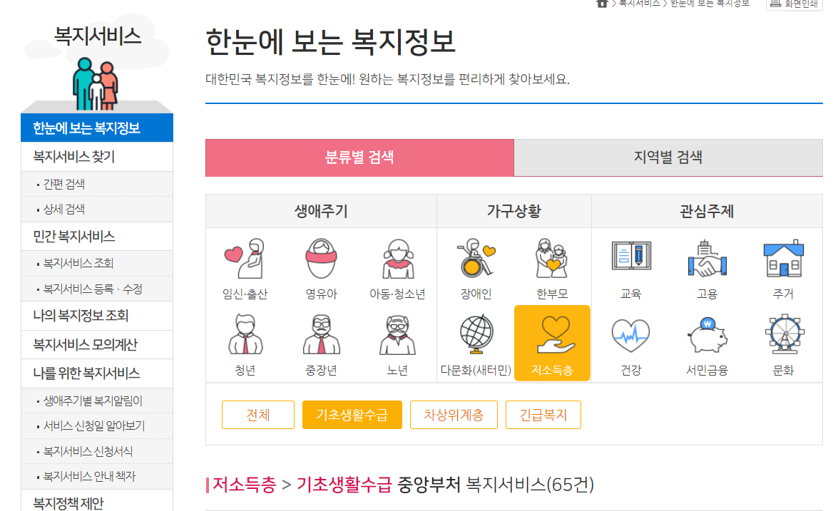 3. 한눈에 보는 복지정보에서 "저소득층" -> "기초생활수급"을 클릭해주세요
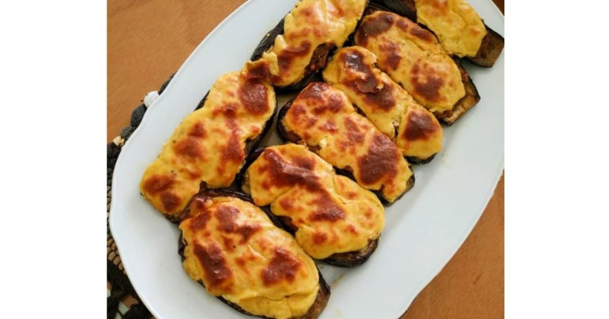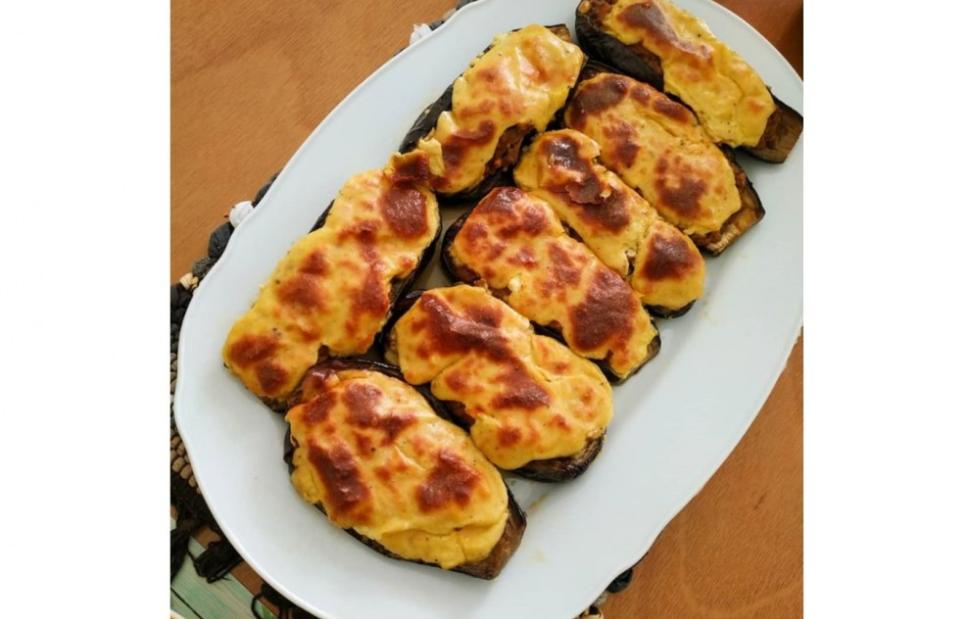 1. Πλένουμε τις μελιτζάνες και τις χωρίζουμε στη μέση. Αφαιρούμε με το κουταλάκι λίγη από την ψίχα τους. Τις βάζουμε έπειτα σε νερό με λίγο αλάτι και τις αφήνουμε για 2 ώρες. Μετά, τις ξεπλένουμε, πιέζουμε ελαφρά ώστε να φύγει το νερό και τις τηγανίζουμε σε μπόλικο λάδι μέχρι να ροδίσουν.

----------

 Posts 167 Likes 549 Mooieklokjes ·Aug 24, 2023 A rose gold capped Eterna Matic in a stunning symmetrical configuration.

----------

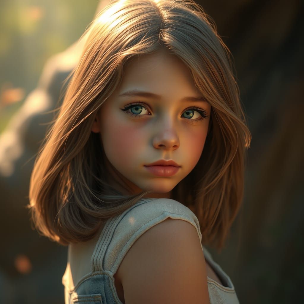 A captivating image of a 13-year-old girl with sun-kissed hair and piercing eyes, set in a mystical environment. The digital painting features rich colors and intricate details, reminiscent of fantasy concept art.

----------

[What this task involves] In the records above, find the line with "3. 한눈에 보는 복지정보에서". Print exactly from there through the line with "1. Πλένουμε τις", minus the pictures.

[Result]
 3. 한눈에 보는 복지정보에서 "저소득층" -> "기초생활수급"을 클릭해주세요
 1. Πλένουμε τις μελιτζάνες και τις χωρίζουμε στη μέση. Αφαιρούμε με το κουταλάκι λίγη από την ψίχα τους. Τις βάζουμε έπειτα σε νερό με λίγο αλάτι και τις αφήνουμε για 2 ώρες. Μετά, τις ξεπλένουμε, πιέζουμε ελαφρά ώστε να φύγει το νερό και τις τηγανίζουμε σε μπόλικο λάδι μέχρι να ροδίσουν.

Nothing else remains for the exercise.